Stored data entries
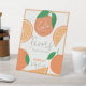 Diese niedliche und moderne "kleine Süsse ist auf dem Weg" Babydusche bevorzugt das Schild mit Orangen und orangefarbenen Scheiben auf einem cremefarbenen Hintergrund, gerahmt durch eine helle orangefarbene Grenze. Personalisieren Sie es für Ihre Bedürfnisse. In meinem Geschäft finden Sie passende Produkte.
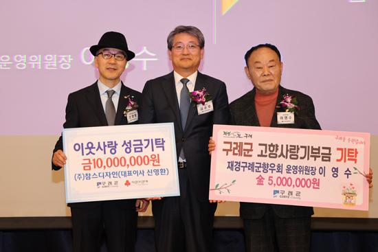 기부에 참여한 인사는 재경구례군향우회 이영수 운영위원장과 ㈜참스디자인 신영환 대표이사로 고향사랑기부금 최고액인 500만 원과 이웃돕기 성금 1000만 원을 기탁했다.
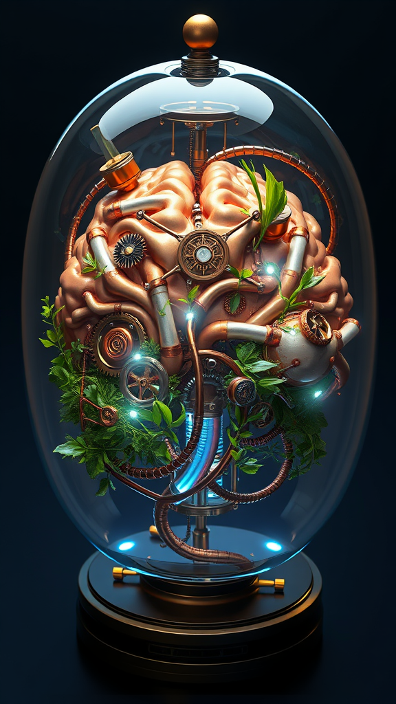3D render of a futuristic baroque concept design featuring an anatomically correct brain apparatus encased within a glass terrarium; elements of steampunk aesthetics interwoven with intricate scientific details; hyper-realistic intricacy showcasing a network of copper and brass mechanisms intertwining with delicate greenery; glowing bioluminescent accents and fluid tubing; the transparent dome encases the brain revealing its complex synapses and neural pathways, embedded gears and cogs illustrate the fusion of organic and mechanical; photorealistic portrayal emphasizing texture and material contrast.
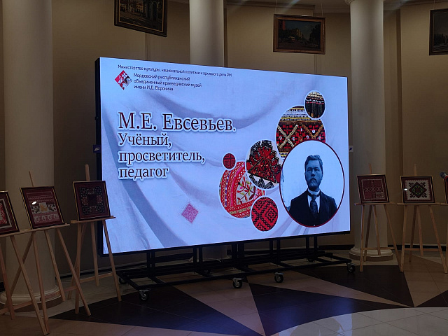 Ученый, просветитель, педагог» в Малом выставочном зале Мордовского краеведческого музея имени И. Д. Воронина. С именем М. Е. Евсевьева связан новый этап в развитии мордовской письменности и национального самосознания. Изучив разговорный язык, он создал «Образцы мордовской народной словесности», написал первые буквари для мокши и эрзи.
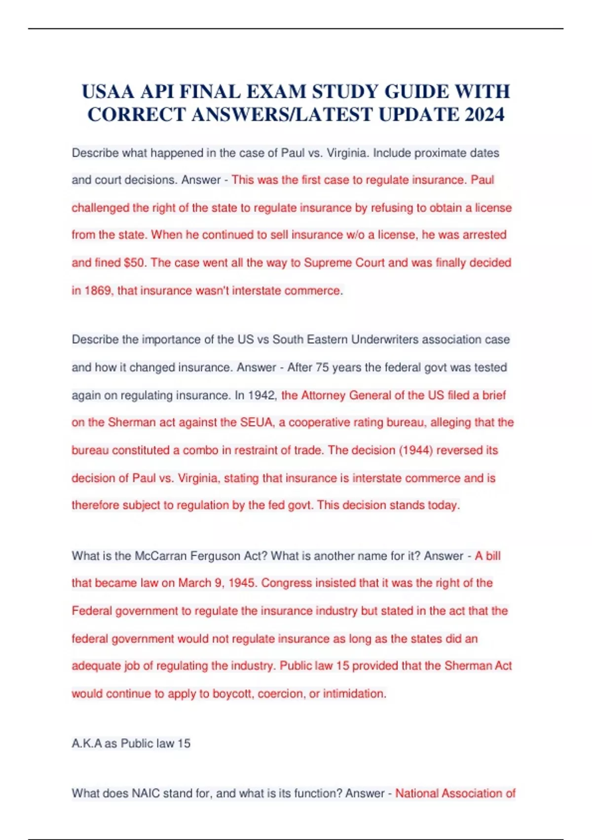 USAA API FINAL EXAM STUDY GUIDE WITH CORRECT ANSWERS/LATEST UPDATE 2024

• DIRECTIONS:
Copy each line of the records precisely and drop any images they hold.

• EXPECTED ANSWER:
 Diese niedliche und moderne "kleine Süsse ist auf dem Weg" Babydusche bevorzugt das Schild mit Orangen und orangefarbenen Scheiben auf einem cremefarbenen Hintergrund, gerahmt durch eine helle orangefarbene Grenze. Personalisieren Sie es für Ihre Bedürfnisse. In meinem Geschäft finden Sie passende Produkte.
 기부에 참여한 인사는 재경구례군향우회 이영수 운영위원장과 ㈜참스디자인 신영환 대표이사로 고향사랑기부금 최고액인 500만 원과 이웃돕기 성금 1000만 원을 기탁했다.
3D render of a futuristic baroque concept design featuring an anatomically correct brain apparatus encased within a glass terrarium; elements of steampunk aesthetics interwoven with intricate scientific details; hyper-realistic intricacy showcasing a network of copper and brass mechanisms intertwining with delicate greenery; glowing bioluminescent accents and fluid tubing; the transparent dome encases the brain revealing its complex synapses and neural pathways, embedded gears and cogs illustrate the fusion of organic and mechanical; photorealistic portrayal emphasizing texture and material contrast.
 Ученый, просветитель, педагог» в Малом выставочном зале Мордовского краеведческого музея имени И. Д. Воронина. С именем М. Е. Евсевьева связан новый этап в развитии мордовской письменности и национального самосознания. Изучив разговорный язык, он создал «Образцы мордовской народной словесности», написал первые буквари для мокши и эрзи.
 USAA API FINAL EXAM STUDY GUIDE WITH CORRECT ANSWERS/LATEST UPDATE 2024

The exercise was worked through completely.